Results are for Plasmodium Ribosome Classification (2D, 3D) using Relion 3.1.
2 GPUs Workstation results
3D benchmark
time mpirun -n 3 which relion_refine_mpi
--i Particles/shiny_2sets.star --ref emd_2660.map:mrc --firstiter_cc --ini_high 60 --ctf --ctf_corrected_ref --iter 25 --tau2_fudge 4 --particle_diameter 360 --K 6 --flatten_solvent --zero_mask --oversampling 1 --healpix_order 2 --offset_range 5 --offset_step 2 --sym C1 --norm --scale --random_seed 0 --o class3d --scratch_dir /data --gpu 0:1 --pool 100 --j 4 --dont_combine_weights_via_disc
Output: 71 m 14.239 s → 1hr 11m
So if we compare the time we have obtained, 1hr 11m, with the reference in the original benchmark website, 4h 29m, we can clearly see that our result is much more faster.
2D benchmark
time mpirun -n 3 which relion_refine_mpi
--i Particles/shiny_2sets.star --ctf --iter 25 --tau2_fudge 2 --particle_diameter 360 --K 200 --zero_mask --oversampling 1 --psi_step 6 --offset_range 5 --offset_step 2 --norm --scale --random_seed 0 --o class2d --scratch_dir /data --gpu 0:1 --pool 100 --j 4 --dont_combine_weights_via_disc
Output: 361 m 33.032 s → 6h 1m.
Comparing this number with the original benchmark (11h 2m), there is no doubt that GeForce RTX 3090 provides faster results.
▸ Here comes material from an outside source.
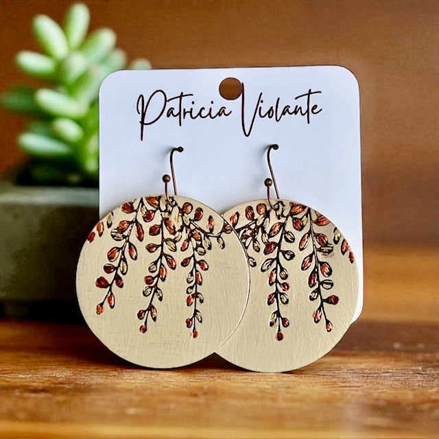 Hand-painted wooden earrings with an engraved leaf design, perfect for autumn days. Made to pair beautifully with your favorite fall layers.

4 GPUs Workstation results
We run basically the same example but using options mpi -n 5 and –j 6. (Note there are not results for 2D classification for 4*V100 in the original tests).
3D benchmark
time mpirun -n 5 which relion_refine_mpi
--i Particles/shiny_2sets.star --ref
emd_2660.map:mrc --firstiter_cc --ini_high 60 --ctf --ctf_corrected_ref --iter 25 --tau2_fudge 4 --particle_diameter 360 --K 6 --flatten_solvent --zero_mask --oversampling 1
--healpix_order 2 --offset_range 5 --offset_step 2 --sym C1 --norm --scale --random_seed 0 --o class3d --scratch_dir /data --gpu --pool 100 --j 6 --dont_combine_weights_via_disc
Output: 42 m 58.354s
Again, the time we have obtained in our benchmark is shorter that the original one (72 min).
2D benchmark
time mpirun -n 5 which relion_refine_mpi
--i Particles/shiny_2sets.star --ctf --iter 25 --tau2_fudge 2 --particle_diameter 360 --K 200 --zero_mask --oversampling 1 --psi_step 6 --offset_range 5 --offset_step 2 --norm --scale --random_seed 0 --o class2d --scratch_dir /scratch --gpu --pool 100 --j 6 --dont_combine_weights_via_disc
Output: 200 m 4.513 s → 3h 20m. (No 2D Classification in 4*V100 system).